THROUGH the 15 years as editor-in-chief and eight years as some other kinds of editor of SunStar Davao, friends and acquaintances would often say, “You must be very brave to be in that job.”
Most often, I’d say I’m not. Simply because, I’m not really brave.
Okay, I admit, the lifestyle I chose would make other people believe I am.
As a freshman student, I joined UP Mountaineers I filed my application soon after viewing their photo exhibit. That wasn’t the norm. The norm was, friends signed in, not clueless individuals.
It was only as an applicant when I realized that if you want to take those photos, you have to be fit, and I wasn’t an adrenaline junkie, thus it was a major effort. That didn’t bother me. My focus was on the views not on my body and the speed by which I see the view.
As a student activist, I occupied the frontlines, but that was because I was tasked with growing the membership but I felt responsible for all my recruits. Being at the frontlines was more of a consequence than a choice. I, again, didn’t mind the added responsibility.

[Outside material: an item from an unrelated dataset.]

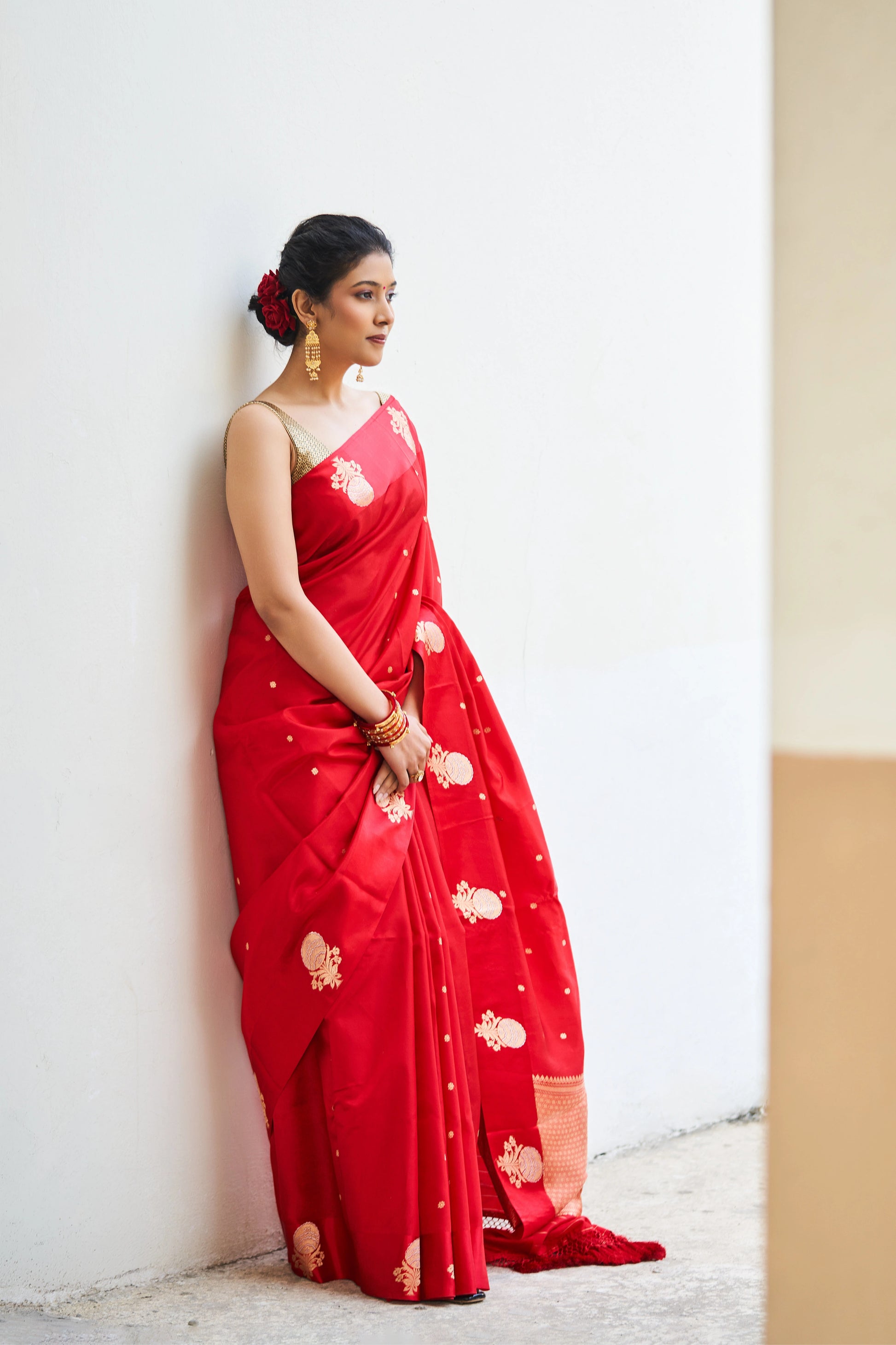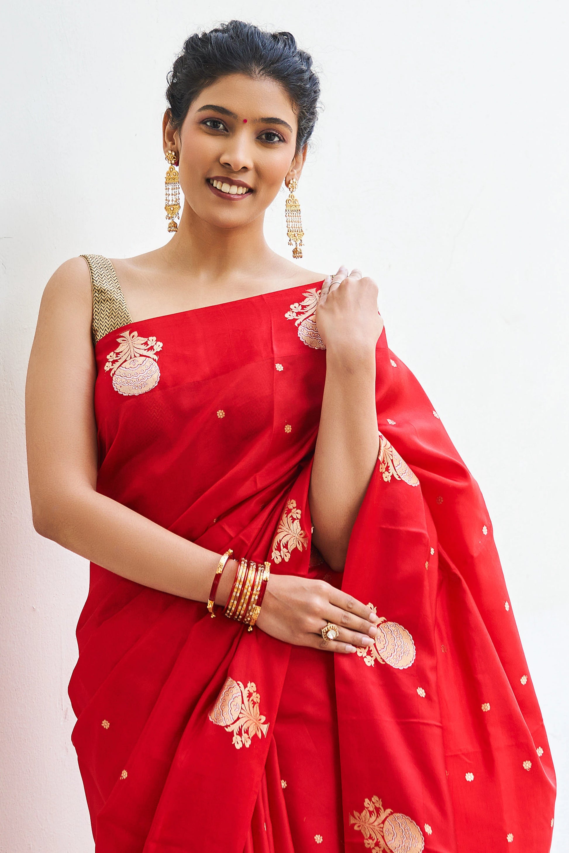 Gulabb Red Soft Katan Silk Banarasi Saree with Kadwa Weave

Bored out of my wits after leaving Diliman, I ended up being a journalist covering insurgency because those were the days. I risked being caught in a crossfire many times, and also earned the ire of both sides. It’s scary to be in that position, but I focused on the job.
It has been that way hence. There’s a job, there’s an objective, I go, I do.
Does that mean I was never afraid? N-O, NO!
I have been afraid, very afraid... whether it was as I inched up those craggy rocks of Montalban, Rizal for our rock-climbing training and realizing that being short and chubby has its disadvantages or as I stood in yet another hinterland village where gunfire can still be heard from afar.
Or even when some angry military officer thought he can bully his way against the news written about him and brought with him a gun to threaten me with or when libel cases just came pouring in or some politician thought it worth his while to send off some death threats.
Being afraid does not mean you cannot do the task or activity that you fear. I’m even afraid of the sea and that is why I’m afraid to swim in the sea. But I scuba dive.
Bottom line, there is absolutely nothing wrong about doing something even when you are afraid. For as long as you know the task and objectives and you come prepared, then just do. You’re allowed to cry or tremble, you know.